Cape Cod Hospital has been hit with a hefty $24.3 million tab to settle federal accusations of bilking Medicare. The hospital in question reportedly charged for heart procedures that didn't meet the stringent Medicare guidelines, cutting corners on patient evaluations and raking in big bucks in the process. According to details released Thursday by the U.S. Attorney's Office, the hospital's non-compliance spree kicked off in 2015 and didn't stop until the end of last year, lining their pockets with funds they weren't entitled to for years.
The nitty-gritty of the allegations points to TAVR, a procedure to fix up patients with aortic stenosis, which basically means their ticker wasn't pumping blood the way it’s supposed to. ADetailed, independent check-ups to size up whether patients were fit for TAVR were either half-baked or not inked into records properly, a federally enforced rule aimed at maintaining patient safety. "Medicare permitted coverage for this newly developed cardiac procedure only under certain conditions, to ensure patient safety. Cape Cod Hospital ignored those rules and received millions of dollars from Medicare to which it was not entitled. This conduct persisted for years despite internal warnings," Acting United States Attorney Joshua S. Levy stated. The settlement covers hundreds of these allegedly shoddy TAVR claims to Medicare.
The Justice Department isn't letting Cape Cod Hospital off the hook post-settlement either. The hospital's now roped into a five-year pact known as a Corporate Integrity Agreement with the U.S. Department of Health and Human Services, Office of Inspector General (HHS-OIG), mandating a third-party review system for their Medicare billing strategies. It’s a sort of keep-your-nose-clean agreement ensuring they don't pull a fast one on the government's dime moving forward.

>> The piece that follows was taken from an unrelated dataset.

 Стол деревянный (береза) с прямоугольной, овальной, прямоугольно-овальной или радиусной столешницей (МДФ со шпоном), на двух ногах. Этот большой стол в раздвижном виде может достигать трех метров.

Despite the mess, the hospital did earn some brownie points for fessing up and working with the Feds, which apparently made their financial hit a bit softer. They dug up records, pulled out the problematic paperwork, and put new practices in place to avoid a repeat situation. Cape Cod Hospital essentially said, "My bad," and promised to straighten up their act according to the Department of Justice's False Claims Act policy, which cuts a break for cooperation. In a silver-lining twist, the whistleblower who gave the hospital up stands to pocket a cool $4.36 million cut from the settlement cash, for their troubles of calling out the alleged Medicare scheme.

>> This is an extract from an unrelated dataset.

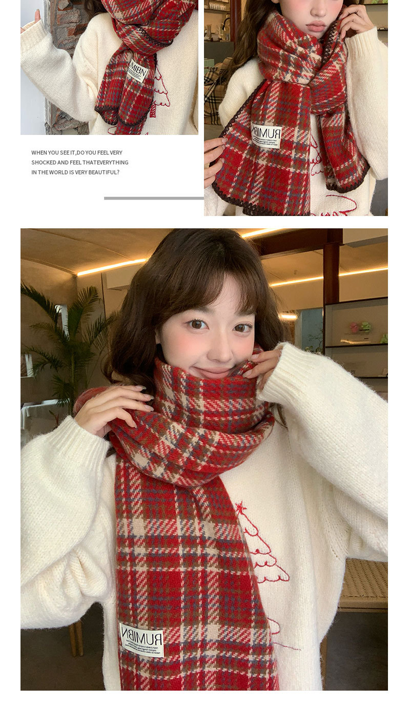 가을과 겨울 새로운 크리스마스 격자 무늬 붉은 스카프 따뜻한 높은 감각 영국 남성과 여성 커플 스카프 라이브 목도리스토어 가기

Rooting out healthcare fraud is top-tier on the government's to-do list, with the False Claims Act acting as a power player in the good fight. Cape Cod Hospital’s payout is the latest example of the push to keep healthcare providers in line, making sure they stick to the books when it comes to billing Uncle Sam. And, with this settlement dropping, the DOJ is making it crystal clear – play by the rules or pay up. For folks looking to drop a dime, there’s a hotline open to report anything fishy with Medicare funds – HHS at 800-HHS-TIPS. This info comes straight from the top brass including Levy, Brian M. Boynton, of the Justice Department’s Civil Division, and Roberto Coviello, a big wheel at HHS-OIG.